Introduction Current level 1 evidence support the use of endovascular thrombectomy (ET) as a standard of care for acute ischemic stroke (AIS). The initial randomized controlled trials on ET specifically used stent retrievers to achieve reperfusion, but recently completed ASTER and COMPASS trials have demonstrated that the use of direct aspiration technique (ADAPT) is non-inferior to stent retriever thrombectomy.
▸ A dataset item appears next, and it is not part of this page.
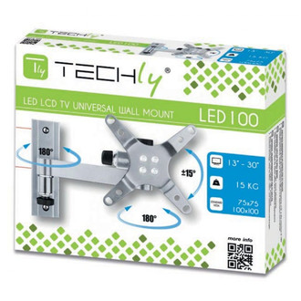 Techly 13-30" Wall Bracket for LED LCD TV Tilt 2 Joints Silver" ICA-LCD 105. Maximum weight capacity: 15 kg, Minimum screen size compatibility: 33 cm (13"), Maximum screen size compatibility: 76.2 cm (30"). Tilt angle: -15 - 15°, Swivel angle range: 0 - 180°, Distance to the wall (max): 8.1 cm. Colour of product: Silver, Material: Aluminium. Width: 116 mm, Height: 152 mm, Weight: 850 g. Number of products included: 1 pc(s)

In this work, we evaluate the impact of advancement in reperfusion catheter technologies on technical and clinical outcomes after ADAPT thrombectomy in the largest reported experience with ADAPT.
Methods We retrospectively reviewed a prospectively maintained database of AIS patients undergoing ADAPT thrombectomy between January 2013 and November 2017 at the Medical University of South Carolina. Patient charts were reviewed for demographics and baseline characteristics, procedure notes were reviewed for technical variables, and imaging and post-discharge notes were reviewed for radiological and clinical outcomes.
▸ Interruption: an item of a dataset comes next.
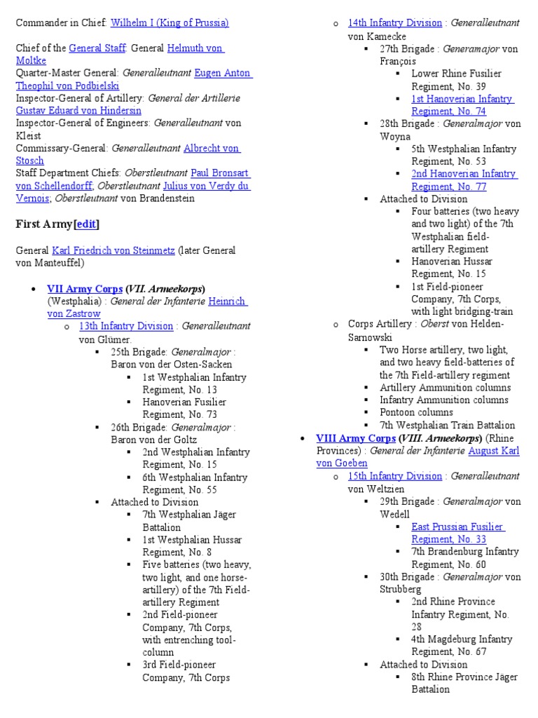 31st Brigade : Generalmajor o 1st Infantry Division : Generalleutnant

Results During the study period, a total of 510 patients (mean age: 67.7, 50.6% females) underwent ADAPT thrombectomy at our center. Successful recanalization (TICI 2B+) at first pass was achieved in 61.8% patients, and with aspiration only in 77.5% patients. The mean procedure time was 27.4 min, and the rate of good outcomes (mRS 0–2) at 90 days was 42.9%. We then compared the difference in patient characteristics and outcomes across four generations of reperfusion catheters 5 MAX (inner diameter (i.d.)=0.054’, aspiration force (a.f.)=14.8 gF), ACE (i.d.=0.060’, a.f.=18.3 gF), ACE 064 (i.d.=0.064’, a.f.=20.8 gF) and ACE 068 (i.d.=0.068’, a.f.=23.5 gF). Patient Baseline characteristics including demographics, baseline mRS, admission NIHSS, location of occlusion and the rate of meeting major trial criteria did not show a significant difference between groups treated with one of the four commonly used catheters (5 MAX, ACE, ACE 064, and ACE 068). However, the rate of recanalization with aspiration only was significantly higher and procedure time was significantly lower in patients treated with larger catheters (ACE 064 and ACE 068) compared to smaller catheters (5 MAX and ACE, p<0.05). Specifically, the mean procedure time was 20 min with ACE 068 compared to 28 min with 5 MAX (p<0.05) despite a significantly higher rate of tandem occlusions in ACE 068 compared to 5 MAX (19% vs 9%, p<0.05). The rate of using stent-retrievers following aspiration was significantly lower in the larger catheters (ACE 064 and ACE 068) compared to smaller catheters (5 MAX and ACE, p<0.05). There was no significant difference in complication rates or rates of post-op parenchymal hemorrhage across the different groups (p>0.05). On multivariate analysis, use of ACE 068 was an independent predictor of mRS 0–2 at 90 days (OR=1.6, p<0.05).
Conclusion Refinement of ADAPT thrombectomy by incorporating reperfusion catheters with higher inner diameters and thus higher aspiration forces is associated with shorter procedure times and lower likelihood of using additional devices without impacting clinical outcomes and complication rates.
Disclosures A. Alawieh: None. A. Chatterjee: None. J. Vargas: None. M. Chaudry: 1; C; Codman, Covidien, Penumbra, Blockade, Pulsar Vascular Stock, Medtronic. 2; C; Codman, Covidien, Penumbra, Blockade, Pulsar Vascular Stock, Medtronic. J. Lena: None. R. Turner: 1; C; Codman, Covidien, Penumbra, Blockade, Pulsar Vascular Stock, Medtronic. 2; C; Codman, Covidien, Penumbra, Blockade, Pulsar Vascular Stock, Medtronic. A. Turk: 1; C; Codman, Covidien, Penumbra, Blockade, Pulsar Vascular Stock, Medtronic. 2; C; Codman, Covidien, Penumbra, Blockade, Pulsar Vascular Stock, Medtronic. A. Spiotta: 1; C; Penumbra, Pulsar Vascular, Microvention, Stryker,. 2; C; Penumbra, Pulsar Vascular, Microvention, Stryker.